À bas bruit, sans attaquer le marché sabre au clair, mais plutôt façon moderato cantabile, le secteur de la croisière a repris partiellement le(s) service(s). Après avoir radicalement disparu des océans et des mers pendant près de deux ans et opéré un redémarrage poussif avec des retours indécis en mode « stop and go » et impression flottante. 

Plus de trois ans après la suspension volontaire et unilatérale des croisières, annoncée en mars 2020 par l'Association internationale des compagnies de croisières (Clia), principale porte-voix de l'industrie mondiale des croisières, les paquebots ne saturent pas vraiment l’espace médiatique. Depuis le début de l’année, c’est surtout la faillite de Genting Hong Kong, le propriétaire des compagnies de croisières Star Cruises, Dream Cruises et de Crystal Cruises, qui a occupé le devant de la scène.

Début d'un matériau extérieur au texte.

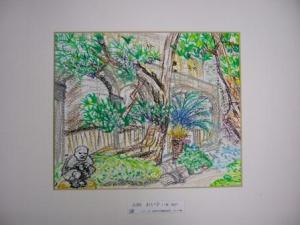 この不思議な彫刻を唯一構図に含んで描いた作品。柔らかいクレヨンのタッチで銅像にも愛嬌が感じられます。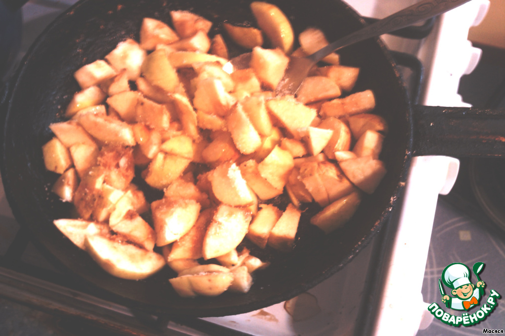 Теперь займемся яблоками. Режем крупно и на сливочном масле тушим с сахаром минут 5.

À la fin du mois de mars, environ 70 % de la capacité de la flotte de croisière était active. Mais le secteur navigue encore difficilement. La hausse des infections au terrible Covid-19 continue de ralentir la réactivation des navires. Et ce malgré les mesures sanitaires rigoureuses, les exigences en matière de vaccination et de tests pour les voyageurs et l'équipage, les plans d'urgence stricts, et autres contraintes qui ne permettent pas aux compagnies d’offrir « la meilleure expérience », sur laquelle est basée toute la promesse marketing de leurs hôtels flottants.

Paquebot maudit

Le dernier événement en date vient encore le rappeler. Le Ruby Princess, paquebot de Princess Cruises (groupe Carnival), a déclaré 253 cas positif au cours des cinq dernières semaines, selon les calculs du Washington Post, qui s’est basé sur les rapports adressés par la compagnies aux Centres américains de contrôle et de prévention des maladies (CDC, Centers for Disease Control and Prevention). 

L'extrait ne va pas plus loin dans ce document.